Result and Row: What You Actually Get Back

Every execute() call returns a CursorResult (sync) or wraps one in an AsyncResult (async). The internal representation is a sequence of Row objects — named tuples keyed by column label. When you call .scalars() on an ORM select(Model), SQLAlchemy unwraps each Row to produce the mapped instance. When you call .mappings(), you get RowMapping objects that behave like read-only dicts with both attribute and key access.

Understanding Row matters for analytical queries, where you select raw expressions alongside ORM columns:

from sqlalchemy import func, select

# Result rows contain (User, int) pairs — not just User instances
stmt = select(User, func.count(Order.id).label("order_count")).join(
    Order, Order.user_id == User.id
).group_by(User.id)

async with AsyncSession(engine) as session:
    result = await session.execute(stmt)
    for user, count in result:          # unpack the Row directly
        print(f"{user.email}: {count} orders")

Core vs ORM for Bulk Operations

The ORM excels at transactional writes on individual or small groups of objects — it maintains the identity map, fires events, and handles relationship cascades. For ingestion workloads operating on thousands to millions of rows, those features become overhead. Core's conn.execute(insert(Model), list_of_dicts) bypasses ORM instrumentation entirely, batches rows via the driver's executemany protocol, and returns a lightweight CursorResult with rowcount and optional RETURNING data.
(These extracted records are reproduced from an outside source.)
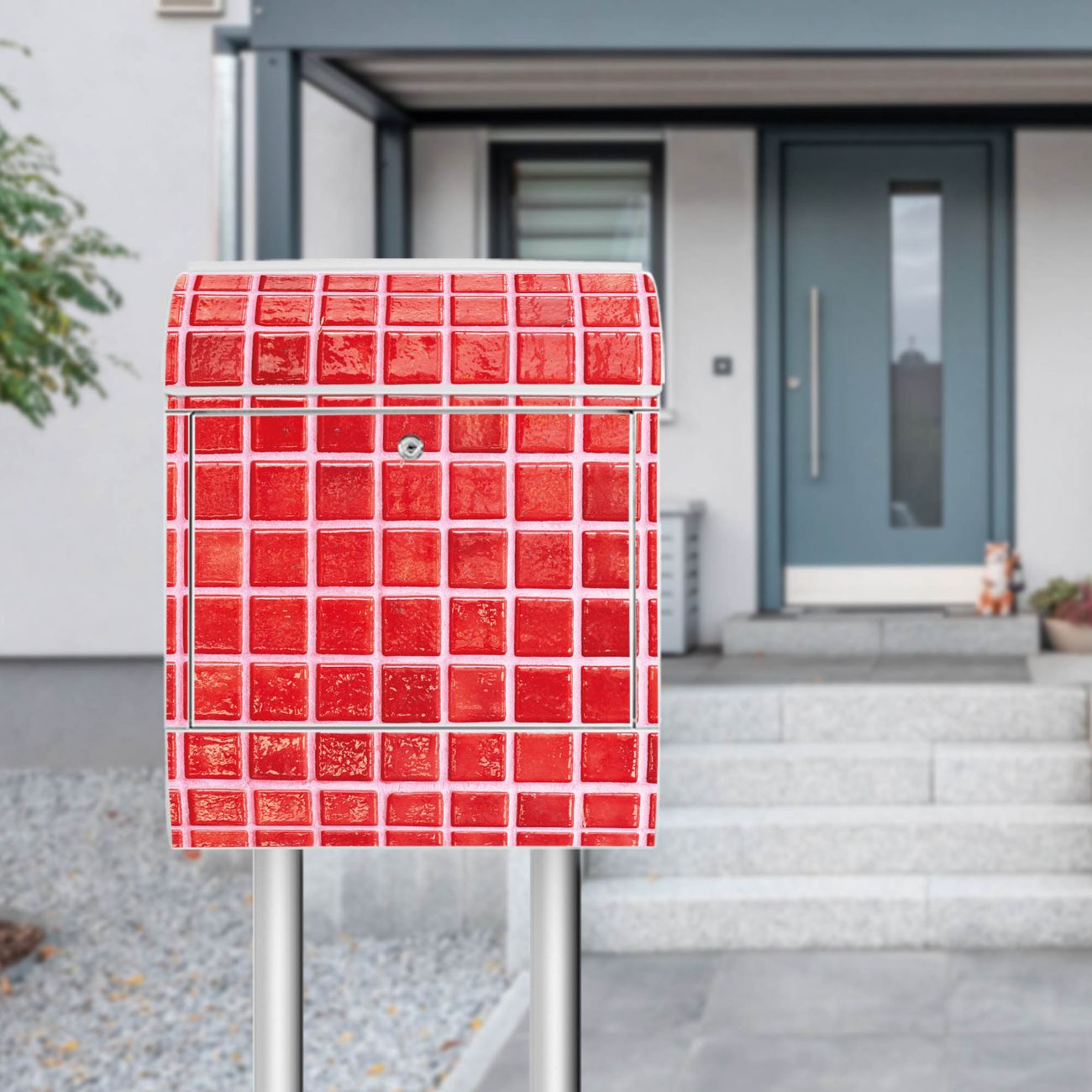 Der banjado Standbriefkasten mit Motiv Motiv Rote Kacheln kombiniert großzügigen Stauraum mit modernem Design. Durch das geräumige Fach finden auch große A4-Sendungen problemlos Platz. Die integrierte Zeitungsrolle sorgt dafür, dass Tageszeitungen und Magazine separat und griffbereit untergebracht sind. Der pulverbeschichtete Standfuß ist farblich passend zum Briefkasten gestaltet und sorgt für ein stimmiges Gesamtbild. Mit dem individuellen Motiv setzen Sie einen optischen Akzent, der sowohl praktisch als auch dekorativ ist.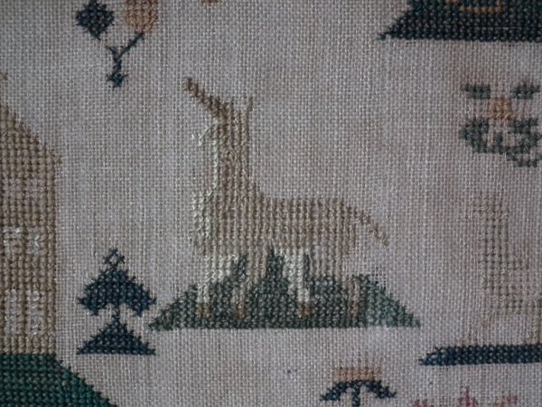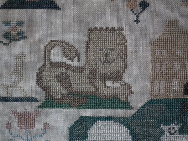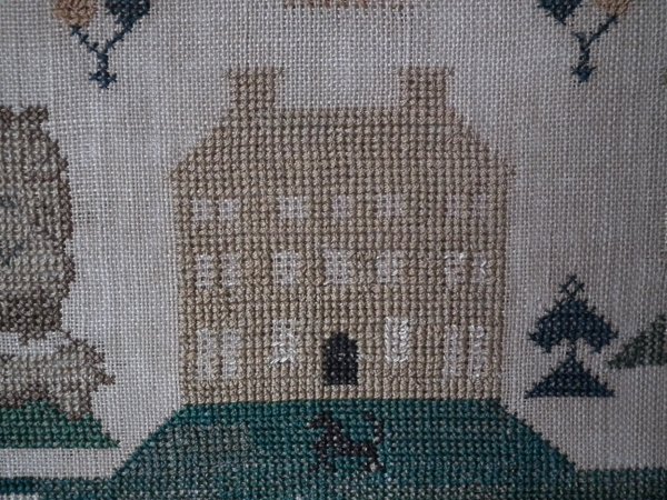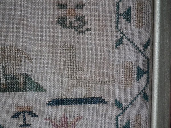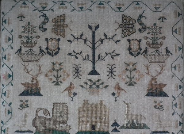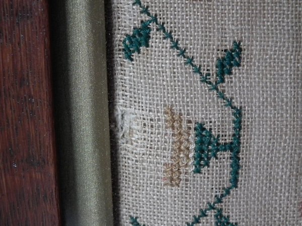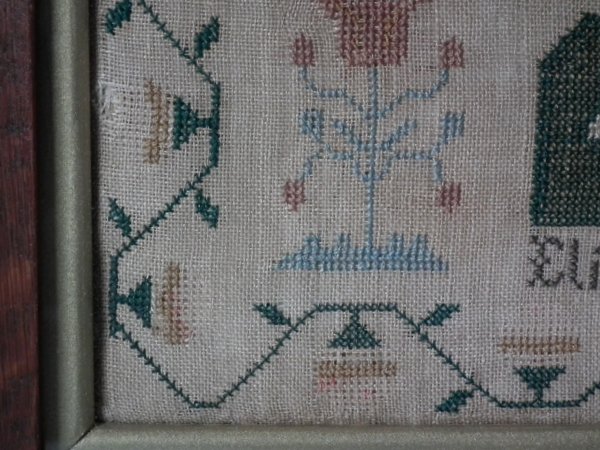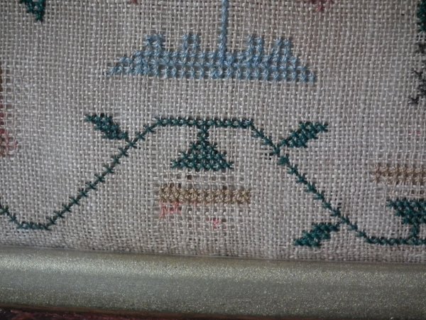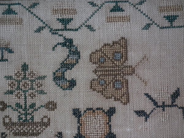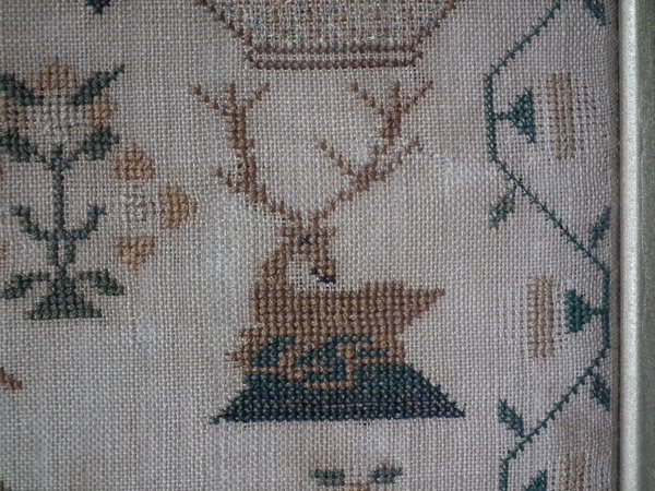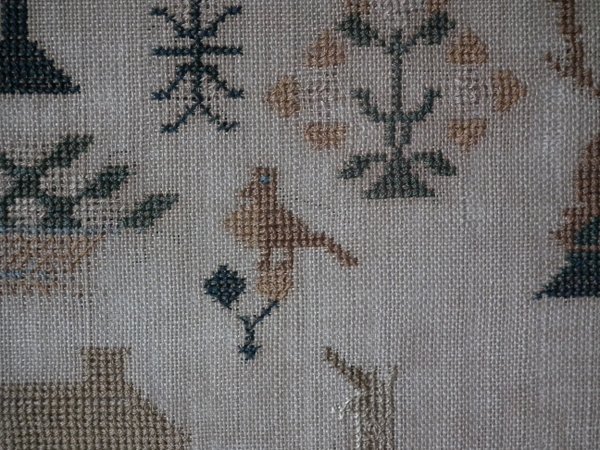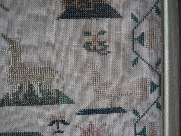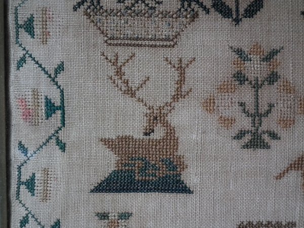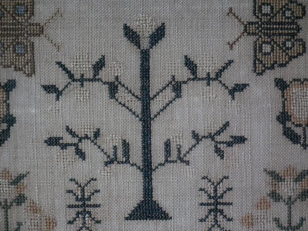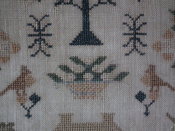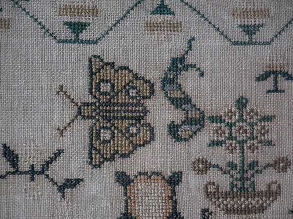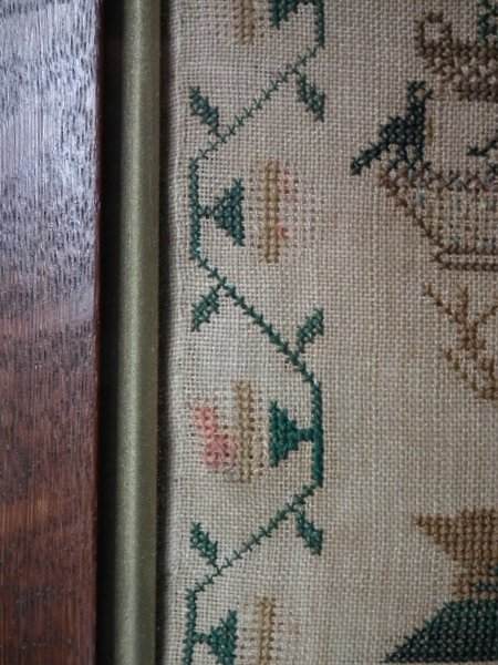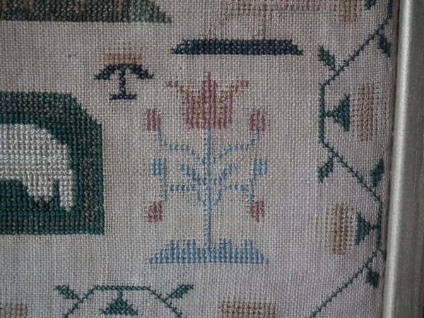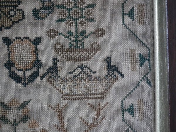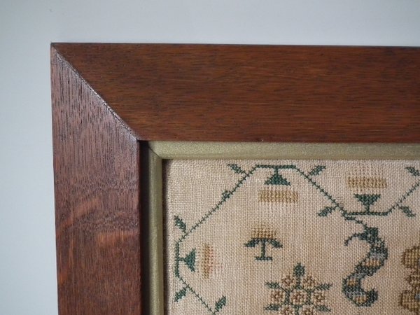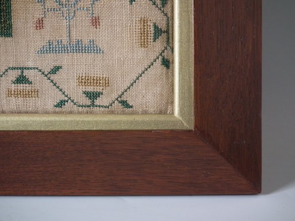 The sampler is worked in silk on canvas ground, in cross stitch throughout.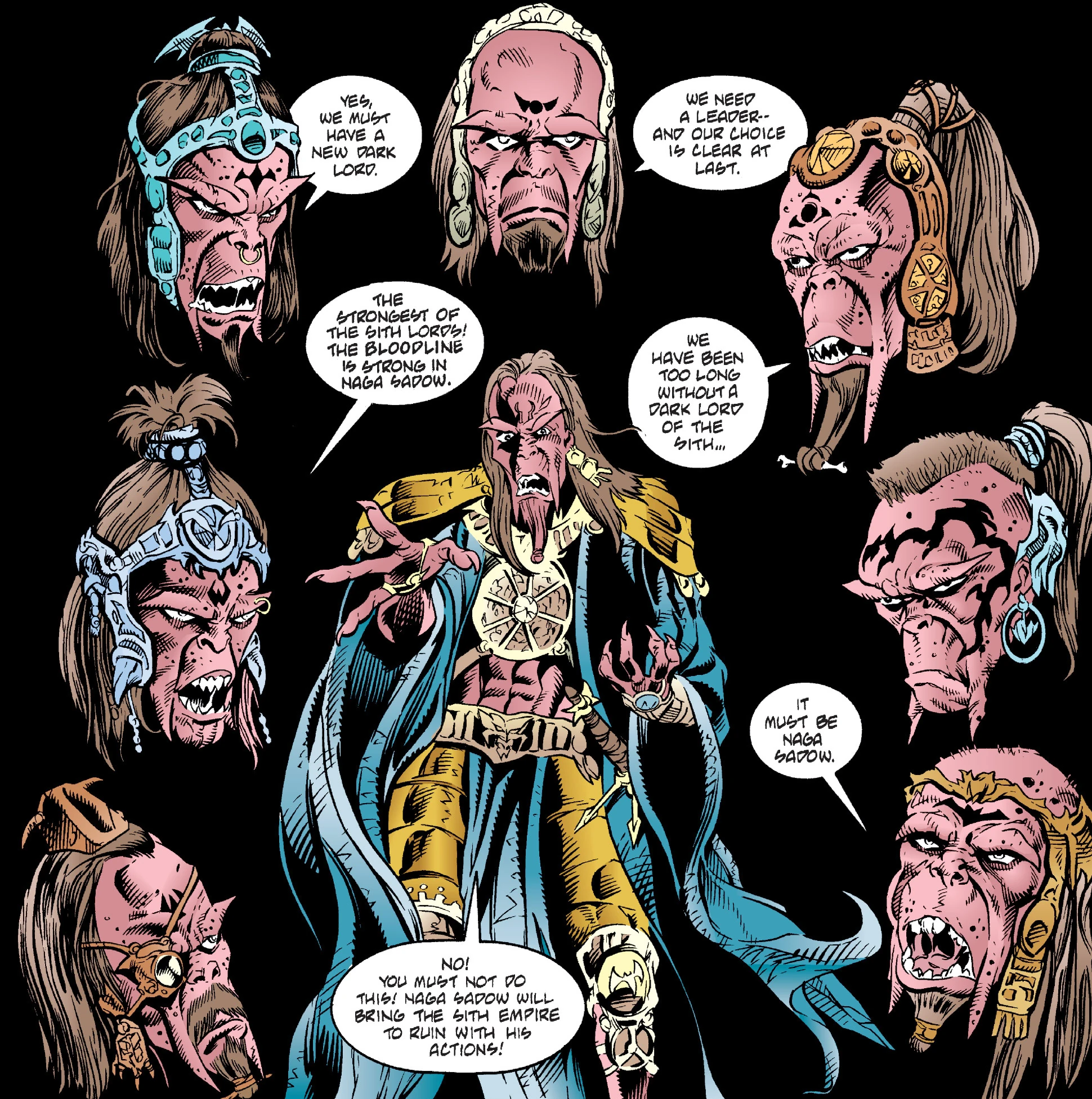 Naga Sadow, Ludo Kressh, Simus, Dor Gal-ram, and Horak-mul were five of the ten Sith Lords on the Council under Marka Ragnos. After Ragnos's death, two Lords on the council, Naga Sadow and Ludo Kressh, fought over the position of Dark Lord of the Sith. This conflict created a rift within the council, with several lords siding with Kressh, and the rest siding with Sadow.[1]

The boundary is not arbitrary. Use ORM session.add() / session.add_all() when: object identity matters, you need before_flush / after_flush events, or you're writing fewer than ~500 rows per transaction. Use Core conn.execute(insert(...)) when: throughput is the primary constraint, you want ON CONFLICT DO UPDATE, or you need RETURNING to capture generated primary keys in bulk.

Key Component Deep-Dive: Relationship Loading Strategies and N+1

The N+1 problem emerges whenever code triggers one query for a parent collection and then one additional query per parent to resolve a relationship. In SQLAlchemy 2.0, loader strategies are specified per-statement rather than on the mapping — options(selectinload(...)), options(joinedload(...)), options(subqueryload(...)), and options(raiseload("*")) — giving you fine-grained control that changes per endpoint.

Refer to complex joins and relationship loading strategies for the full treatment; this section establishes the decision rules.

selectinload: The Safe Default for Collections

selectinload issues a second SELECT … WHERE parent_id IN (…) after the primary query resolves. The entire collection population happens in two round trips regardless of how many parents were loaded, making it O(1) in terms of query count. It is safe with yield_per and with AsyncSession because there is no JOIN that could produce duplicate parent rows.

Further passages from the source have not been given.